It’s been sixteen days since radiation ended, which means I’ve got fifty-one more before anyone can tell me how well it worked and what level of surgery I’m in for. I know something is going to get cut out of me—how much and how soon is still in the “wait and find out” category. It’s not exactly thrilling to sit around with your own fate on backorder. Most days fly by fast enough that I barely think about anything beyond the immediate stuff—mostly the bag attached to me like a very clingy, very unhelpful sidekick.
But then there are the slow days. The quiet days. The sitting-on-the-couch-while-Tugboat-snores-from-another-room days. And on those days, my mind wanders into places I’d prefer it didn’t. Is the radiation still working? Did it kill off the cancer? Did it only annoy the cancer and make it stronger, like a Marvel villain origin story I never asked for? Those thoughts don’t show up often, but when they do, they sit heavy. Tonight is one of those nights. Not even Monday Night Football, good takeout, or Tugboat angrily asleep because he didn’t get a single table scrap has managed to shut my brain up. So, I’m left with the only thing that still works: writing.
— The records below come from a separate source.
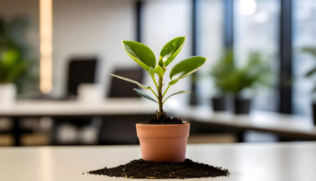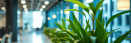 Green Plant Adds Life to Blurred Modern Office Setting with Natural Light, Banner Image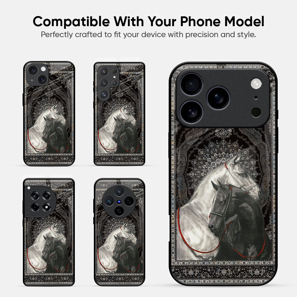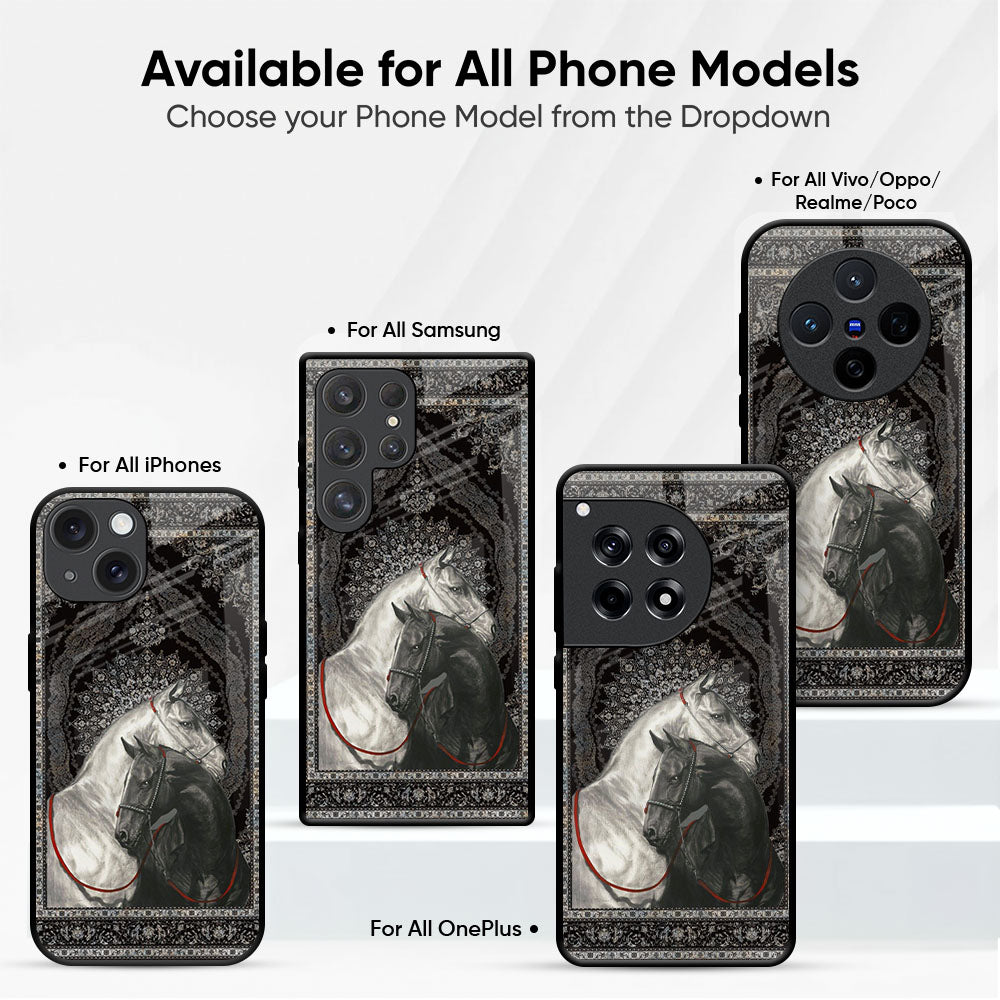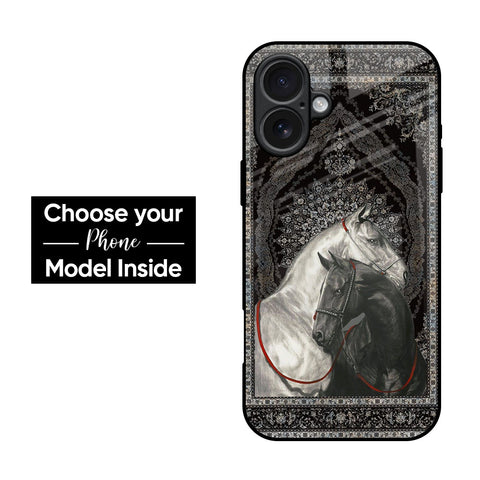 Black And White Horses Glass Case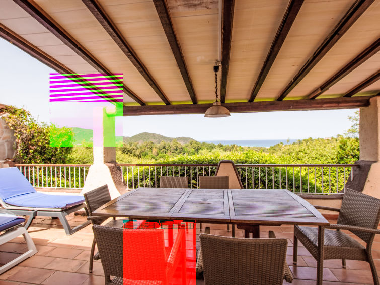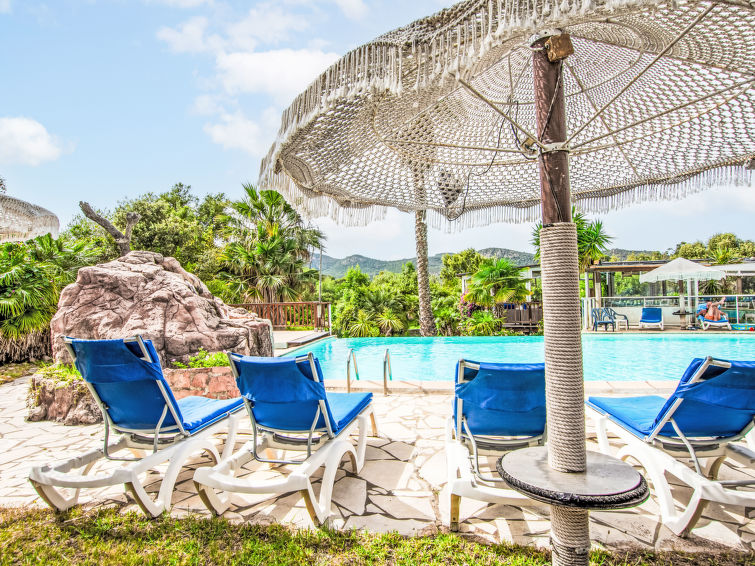 Olmucciu 8 km fra Pinarellu: Liten, koselig resort "Fium del Cavu". 25 hus i residensen. I området Olmucciu 8 km fra sentrum av Pinarellu, 16 km fra sentrum av Porto Vecchio, 131 km fra sentrum av Bastia, i en solrikt posisjon ved en høyde, 500 m fra sjøen, 500 m fra stranden, 500 m fra elven, i en blindvei, i det grønne. Fellesbruk: vakker hage i flere nivåer med planter og trær, eng, 1 badebasseng inngjerdet (16 x 8 m, Sesongåpent: 14.Mai. - 28.Okt.). Utendørs dusj, terrasse. I anlegget: resepsjon, restaurant, bar, trådløst LAN [WLAN], biljard. Parkering på tomten. Butikk 5 km, supermarked 16 km, sandstrand "Plage de l'Ovu Santu" 500 m. Tennis 250 m. Vennligst merk: bil anbefales. Bildet er et eksempel.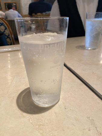 そして最後になりましたが、このお店の人気の秘密はこちら。 お水ではなく炭酸水が出てきます。濃厚なパスタに合うんです。しかもちょっと少なくなるとスタッフの方がすぐについでくれました。こういうところが人気の秘密だと思われます。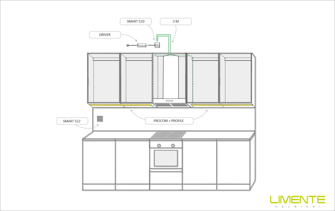LIMENTE arbetsbelysningssats är en mångsidig, förkortningsbar belysningslösning som kan användas för att skapa både arbets- och stämningsbelysning. Den passar utmärkt som indirekt belysning ovanpå skåp, i nischer, socklar, tak, med mera, utöver att den fungerar som bänkbelysning i köket. I köket placeras profilen nära framkanten av överskåpets botten.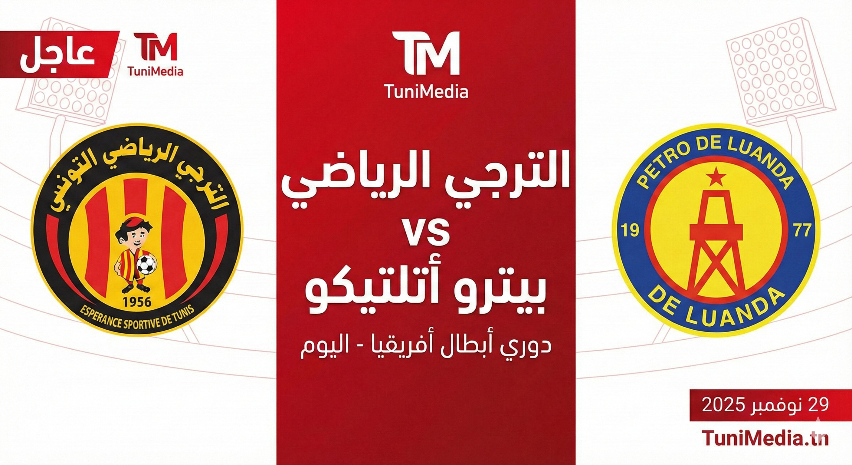 مباراة قوية ومفتوحة على كل الاحتمالات تنتظر الترجي الرياضي في أنغولا. المتابعون في تونس يمكنهم مشاهدة اللقاء مباشرة عبر beIN Sports HD 2 بداية من الساعة الخامسة مساءً.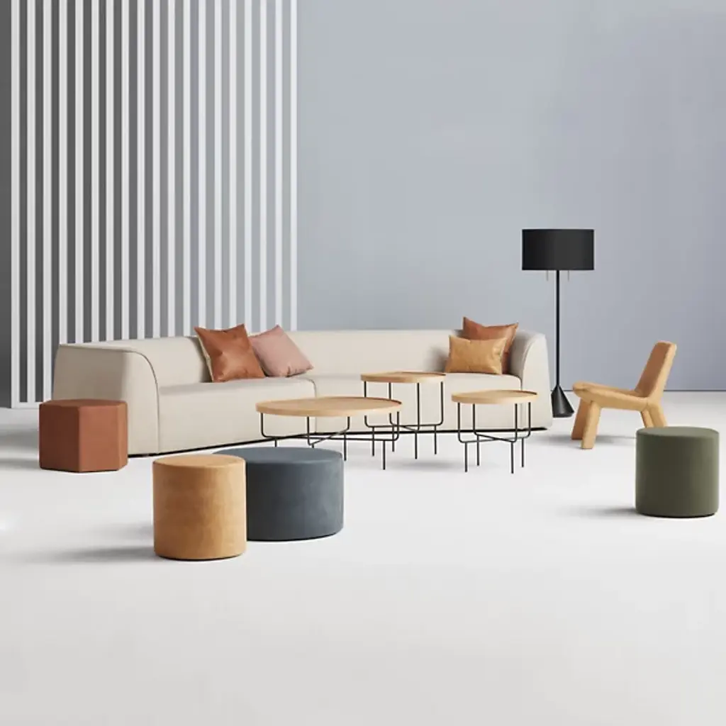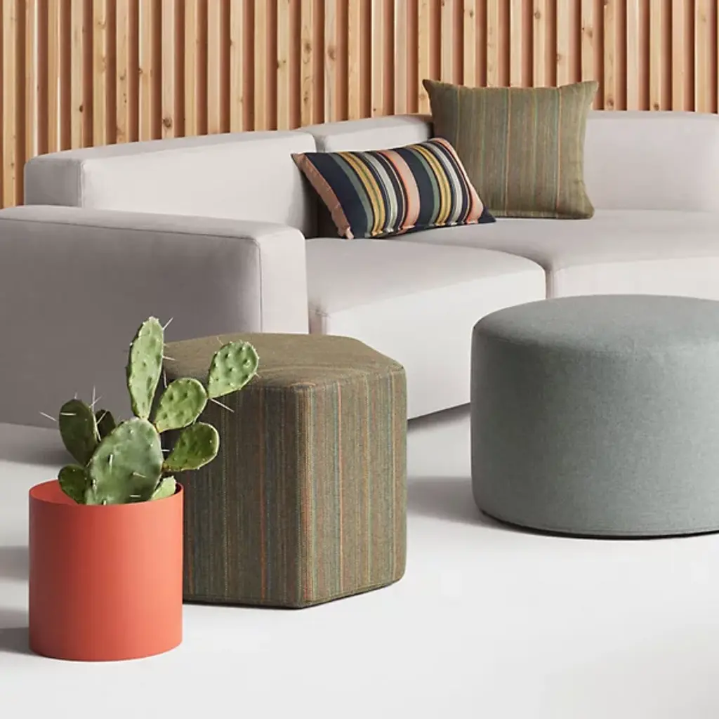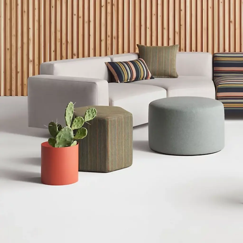 How many sides does it take to create a cool modern ottoman? Six, of course. The Blu Dot Hecks Ottoman is an elongated hexagon covered in one of a variety of soft Thurmond fabric colors. The sharp geometric shape is eye-catching all on its own, and it also allows for seamless customized groupings of Hecks as desired.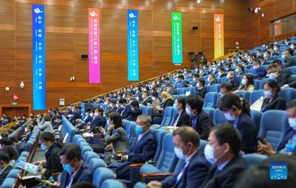 Guests and traders attend the opening ceremony of the 13th China-Northeast Asia Expo in Changchun, northeast China's Jilin Province, on Sept. 23, 2021. The 13th China-Northeast Asia Expo is held online and offline from Sept. 23 to 27 in Changchun, capital city of northeast China's Jilin Province. (Xinhua/Xu Chang)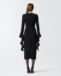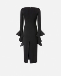 FORMINA DRESS − 105736A2Q2Z99 Long and elegant slim-fit dress with long sleeves and a square neckline. The shape of the skirt caresses and brings out the wearer's body figure, and there is a split in the middle at the bottom on the back. The piece is made from stretch viscose fabric, which translates into an optimal fit: the material is designed to perfectly adhere to the lines of the body, enhancing the silhouette in a natural and defined way. The spiral flounces on the side flaunt the satin fabric, creating shiny/matte contrast that enhances the texture. The mix of shapes adds movement to this refined look, without losing a structured and feminine final effect. COMPOSITION 1° Outside Fabric: VISCOSE 98% ELASTANE 2% - 2° Outside Fabric: POLYESTER 100% - Lining: POLYESTER 100%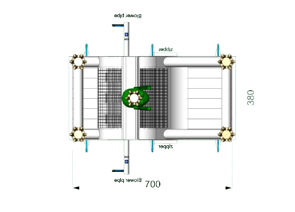 | Inbegrepen onderdelen | Grondzeil (incl. zwarte spanriem 1m) - 4 verankeringspinnen luchtkussen - Luchtkussen incl. transportzak & 2 spanriemen - Blower 1100 watt |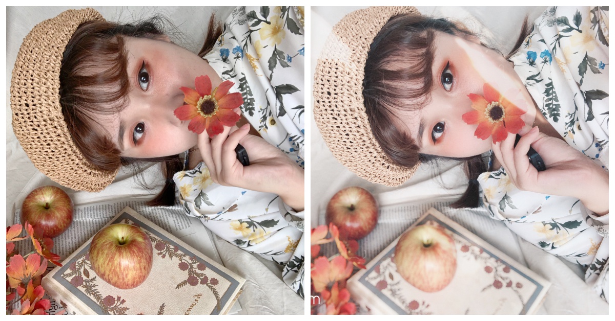看完杯緣子示範後,接下來就來看看真人示範的使用對比圖唄~以下左方皆為使用內建相機拍攝的原圖,右方為套用《氧氣相機》濾鏡的照片。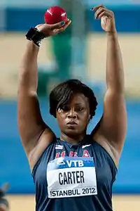 In addition to winning the 2008 United States Olympic Team Trials, she was the 2009, 2011, 2013, 2014, 2015 and 2016 national champion.[6] While competing for the University of Texas, she won the NCAA collegiate national championship in 2006. In college, she was a seven time All-American, and also won the Big 12 Conference title five times. In 2006, she won the NCAA indoor title to also help the University of Texas women claim the NCAA team title. With a runner-up finish in the shot put at the 2005 outdoor meet, Carter helped the Longhorns win the NCAA championship.
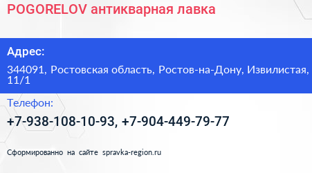 POGORELOV, антикварная лавка по адресу 344091, Ростовская область, Ростов-на-Дону, Извилистая, 11/1 в дальнейшем Организация, размещена в следующих категориях: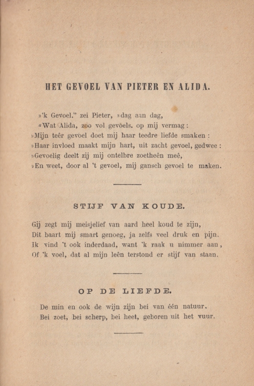 * ‘… vooral ook een dichtstuk voor besschaafde vrouwen. Men heeft voor haar sedert eenigen tijd het genot der poëzij onbereikbaar gemaakt door duistere, koude en raadselachtige diepzinnigheden, waarbij het hart ongeroerd blijft en het hoofd duizelt’, aldus Hendrik Tollens in zijn voorwoord. Roerende illustraties in fijngesneden houtgravures.
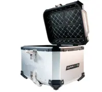 Bauletto GPR TECH TOP CASE ALPI-TECH capacità 35 Litri, realizzato in alluminio 5052, colore argento,la dimensione permette la custodia di un casco Enduro,la piastra specifica e viteria per installazione sul portapacchi originale senza modifiche sono incluse nel kit. Il bauletto GPR TECH comprende una fodera estraibile e lavabile per la protezione del casco, quattro punti di ancoraggio offrono una resistenza ottimalae . Si possono acquistare separatamente come optional la protezione schienale e la borsa oggetti estraibile.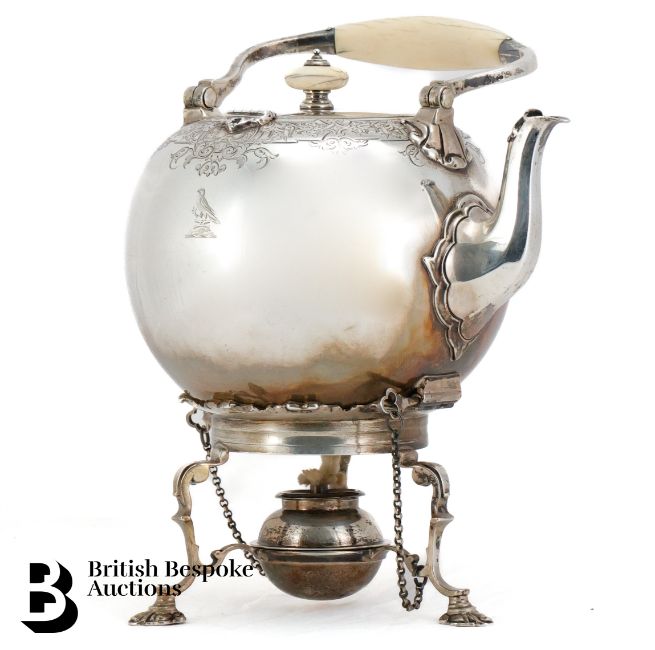 Victorian silver spirit kettle, with ivory hand and finial, London assay dated 1861, mm John Samuel Hunt, 1200 gms, with silver burner and stand approx 622 gms.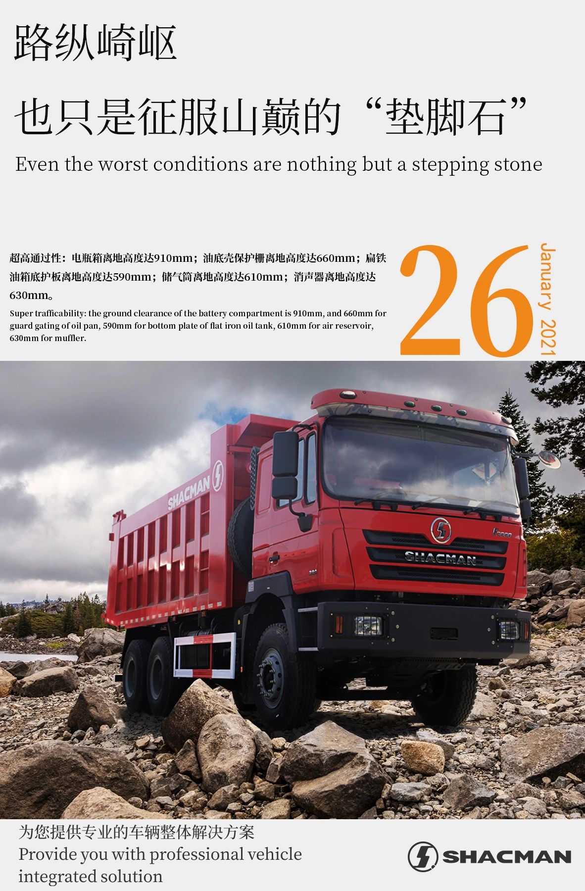 Even the worst conditions are nothing but a stepping stone. SHACMAN F3000 dump truck Post time: Jan-26-2021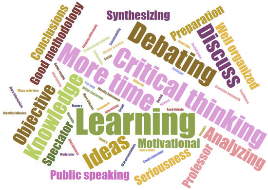 Regarding the comments of the students about the debate, after some organization of the comments by categories, we have been able to synthesize the comments in a word cloud (Figure 2) and a summary table (Table 3).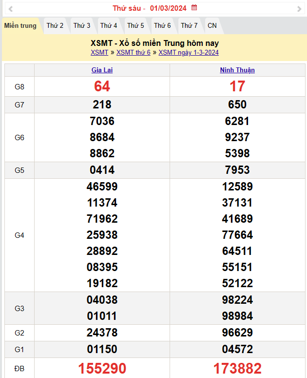 • Thứ 6: xổ số Gia Lai (XSGL), xổ số Ninh Thuận (XSNT).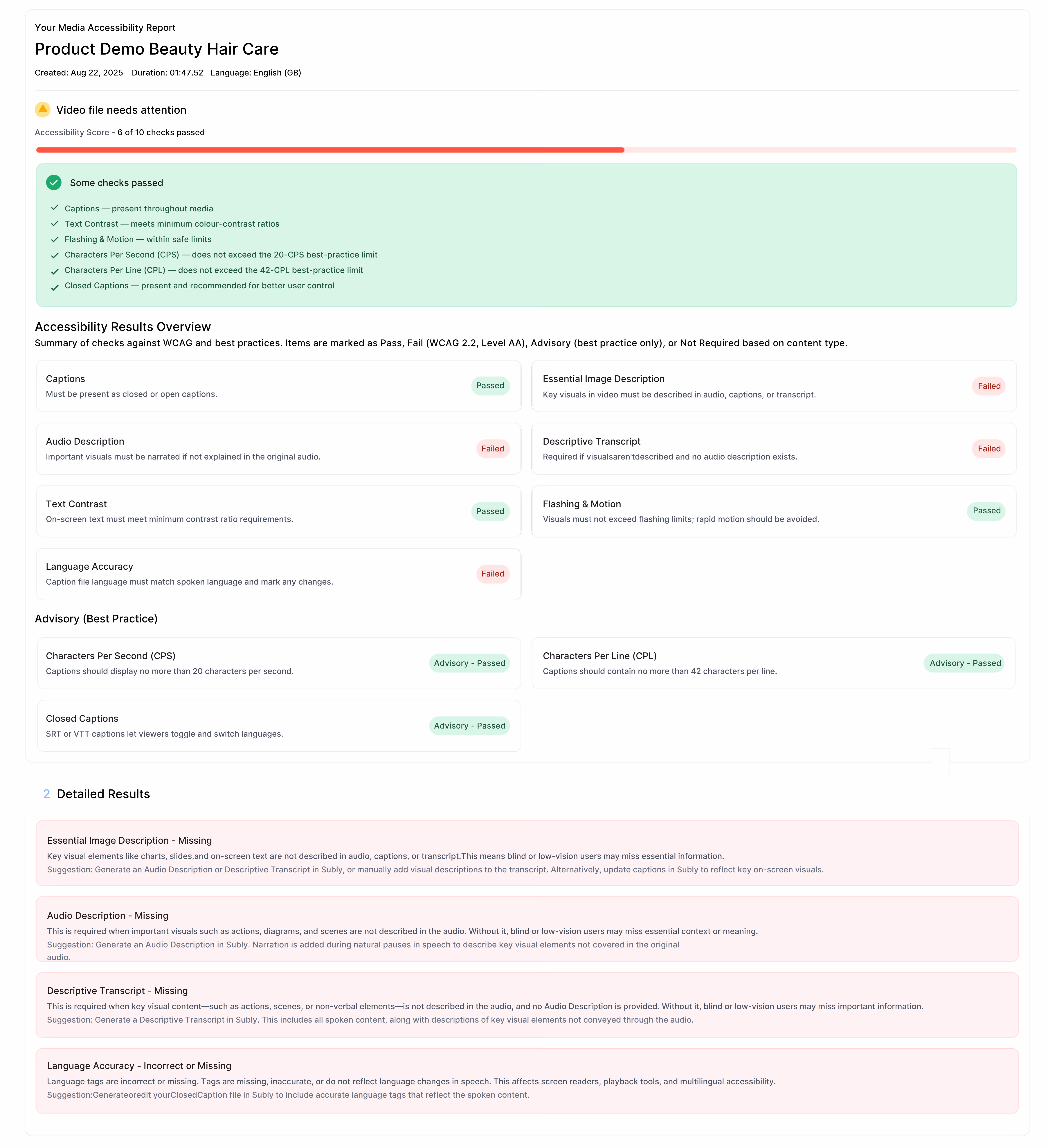 - Automatic WCAG 2.2 checks on product demos to verify captions are correct, confirm whether key images are described, determine if transcripts, descriptive transcripts, or audio description are needed, and flag flashing, colour contrast, and language tag issues. Industry best practice reviews are also provided alongside WCAG checks to give the team clarity on how to keep content fully accessible.

When I got back from Houston on Halloween, I walked in to find nearly thirty packages waiting for me. I had ordered maybe… three things from Amazon? Four if you count the impulse buy I still don’t remember making? Certainly not enough to justify the wall of cardboard that greeted me. I knew I had people who cared about me, but seeing all those gifts made it embarrassingly obvious just how much.
There was a brand-new video game(Borderlands 4) so I could play online with a friend. A stack of books from someone’s favorite authors—perfect for keeping my mind busy during those quiet, late-night hours when the condo feels too still. And then there were the mystery gifts. No notes, no names, just vibes.
Someone sent my favorite brand of jeans—jeans that do not come in my size and always have to be tailored. And these? Already tailored. Perfectly. Which raises questions. Who knows that brand? Who knows my measurements? And who went full Project Runway behind the scenes? I genuinely have no clue. But they’re fantastic jeans, so the mystery tailor can stay anonymous.
Then there were a pair of Air Jordans. I have not worn Jordans since the third grade. These fit perfectly and were the same style from the third grade. Another mystery. Someone else sent me a Costco-sized package of Cascade dishwashing pods. I don’t know if it was a hint, a joke, or someone thinking, “You know what this man needs during cancer treatment? Immaculate dishes.”
And honestly? Gifts like these—meaningful, random, practical, absurd—they all do the same thing: they distract me exactly when I need it most. Even if the distraction is just me wondering who knows my exact waist size, who is monitoring my footwear nostalgia, or who thinks my dishes are a cry for help.
Tomorrow is a new day, and the countdown will tick to fifty. Tugboat and I are heading to bed grateful for the people who clearly pay more attention to my pant length, waist measurements, and shoe size than I ever realized. Maybe that’s the sign of a good friend. Or a very dedicated stalker. Either way, tonight, I’m grateful for the distraction.